Wer nicht den Sprung in die Selbstständigkeit gewagt hat, sich freiberuflich oder als Freelancer durchschlägt oder vom Amt unterstützt wird, der bekommt meist zum Ende des Monats sein Gehalt von seinem Arbeitgeber überwiesen. Und wie Komiker Tedros „Teddy“ Teclebrhan singt:

Ich sag‘: „Bitte tu mein Konto vollmachen mit schönen Gaben“

Teddy Teclebrhan, „Lohn isch da“

Die Vorstellung was eine faire Bezahlung für unsere geleistete Arbeit ist, dürfte mit Ü50 etwas realistischer ausfallen als vielleicht noch mit Mitte 20. Denn wir kennen den Arbeitsmarkt, wissen um den Mindestlohn und haben eine konkrete Vorstellung, wie viel Netto vom Brutto übrig bleibt. Demgegenüber steht das, was wir pro Monat mindestens brauchen, um über die Runden zu kommen. Und wer noch ein paar Taler beiseite schafft oder anlegt, der wird sich dann auch mal ein Motorrad, eine Golfreise oder einen neuen Gasgrill leisten können. Gucken wir also erstmal, was die Menschen zum Glücklichsein brauchen.
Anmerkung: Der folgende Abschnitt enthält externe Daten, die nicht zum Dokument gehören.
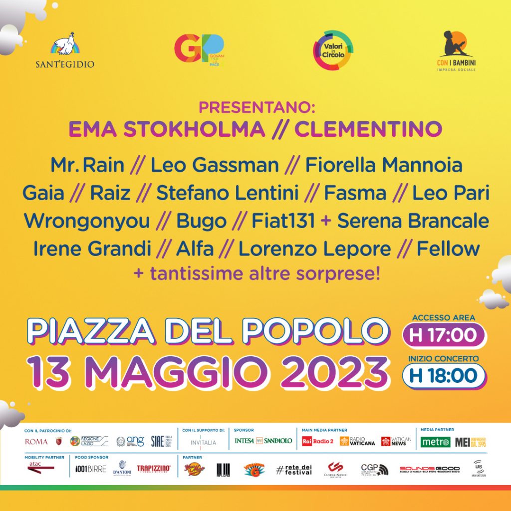 Il concerto prenderà il via alle 18 con i 12 finalisti del contest musicale “Play Music Stop Violence”, promosso dal movimento Giovani per la Pace. Giovani artisti e band emergenti, proporranno, quindi, nella splendida cornice di Piazza del Popolo, i loro brani originali all’insegna della pace, della solidarietà e dell’inclusione.

Das Durchschnittsgehalt hängt von Alter, Branche und Geschlecht ab
© Alexa (Pixabay)

Studien zu Einkommen und Glücksgefühl

In den letzten Jahren sind zwei bedeutende Forschungen zu dem Thema Einkommen und Glück veröffentlicht worden, die insbesondere die Lebensverhältnisse in den USA zum Inhalten hatten. Diese wollen wir zum Thema Durchschnittsgehalt kurz voranstellen.

Daniel Kahneman und Angus Deaton (2010)

Lange Zeit ging man durch eine Studie von Wirtschaftsnobelpreisträger Daniel Kahneman und dem Ökonom Angus Deaton von der Princeton University davon aus, dass das Glücksempfinden der Menschen ab einem Jahresgehalt von etwa 62.000 Euro nicht mehr ansteigen würde. Diese Größenordnung muss ja auch erstmal überhaupt erreicht werden. Handwerker und Pflegekräfte werden da sicherlich kurz eine Träne verdrücken. Und der Schmerz wird sich noch steigern.
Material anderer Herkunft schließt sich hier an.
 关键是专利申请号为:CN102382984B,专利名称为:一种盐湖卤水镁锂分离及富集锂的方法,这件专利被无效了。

Matthew Killingsworth (2021)

Denn kürzlich kam der Psychologe Matthew Killingsworth von der Wharton School in Pennsylvania zu der Erkenntnis, dass das aus dem Einkommen entstehende Glücksempfinden der Menschen doch nicht gedeckelt ist. Für seine Studie hat er rund 1,7 Millionen Datensätze von mehr als 33.000 US-amerikanischen Angestellten zwischen 18 und 65 Jahren analysiert. Und so bitter wie es für Geringverdiener ist: Laut Killingsworth sind die Menschen, unabhängig von der Höhe des Gehalts, mit einem höheren Einkommen im Schnitt glücklicher sind als die Menschen mit einem niedrigeren Gehalt. Laut dieser Untersuchung sorgt ein Jahreseinkommen von etwa 67.000 Euro für die maximale allgemeine Lebenszufriedenheit.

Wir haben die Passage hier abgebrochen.